Among the most expected recent advancements in neurosurgery, artificial intelligence (AI) applications include machine learning (ML), natural language processing (NLP), computer vision (CV), and artificial neural networks (ANNs) (8). The potential of AI in neurosurgery is substantial and is supported by its ability to rapidly analyze large volumes of clinical data generated in contemporary settings, which surpass human capabilities. Specialized algorithms can be applied to diverse multimodal clinical data sources, including alphanumeric electronic health charts, laboratory testing, radiological images, electrophysiological examinations, and clinical data from photographs and videos. A previous study indicated that AI can improve various aspects of neurosurgery, including diagnostics, prognostication, clinical decision-making, data management, education, and clinical research (8). AI applications can reduce medical errors, decrease costs, broaden healthcare availability, and enhance patient safety and surgical education.

However, the practical application of AI in neurosurgery remains limited because of several challenges, such as the diversity and volume of clinical training data collection, concerns regarding data quality, algorithmic bias, transparency (explainability and interpretability), ethical issues, and regulatory implications.
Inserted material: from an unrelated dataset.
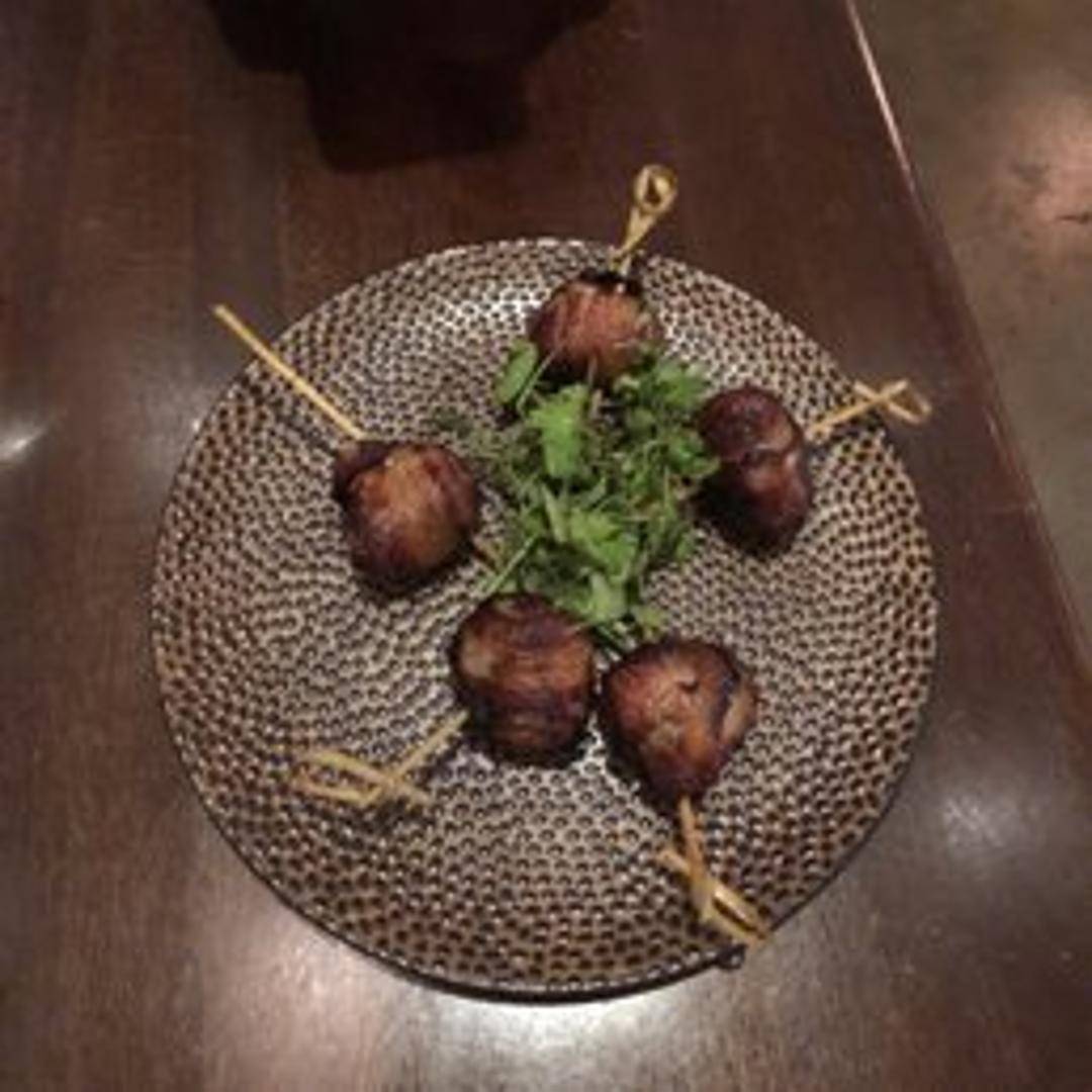 A delectable appetizer where sweet Medjool dates, often stuffed with creamy goat cheese or a delicate nut, are perfectly enveloped in crispy, savory bacon and then baked to a golden finish, typically drizzled with a balsamic glaze for a perfect balance of flavors.

This review comprehensively examines recent studies on AI technology and its applications to better understand its potential benefits, future perspectives, and limitations in neurosurgery.

AI for Diagnosing and Classifying Neurological Disorders

As exemplified by the computer-assisted diagnosis of gliomas (9), AI has been frequently used to aid diagnostic approaches. The capability of AI to rapidly process enormous amounts of anatomical, morphological, and connectivity information from imaging data makes computer-assisted diagnosis one of the most promising areas for AI applications, assisting neuroradiologists and neurosurgeons, and reducing human labor and costs. Gliomas have been successfully detected and differentiated from other central nervous system pathologies (10). Tumor grading and prediction of isocitrate dehydrogenase mutation (11), 1p19q co-deletion (12), O-6-methylguanine-DNA-methyltransferase promoter status (13), and overall survival rates have been achieved using predictive AI models (9), (14). Combining radiomics data with clinical variables has facilitated the development of various ML models that can reliably differentiate the molecular subgroups of brain tumors (15).

Similarly, for the detection of intracranial aneurysms, deep learning (DL) algorithms have been found to be more efficient than radiologists (16). The prediction of aneurysm stability has also been investigated using prediction models (17), (18). Applications of AI in the fields of functional and spinal surgeries have led to achievements in electroencephalogram analysis, seizure categorization, epilepsy subtype classification, automated detection of seizures in videos, and detection of lesions compressing the spinal cord (19), (20), (21).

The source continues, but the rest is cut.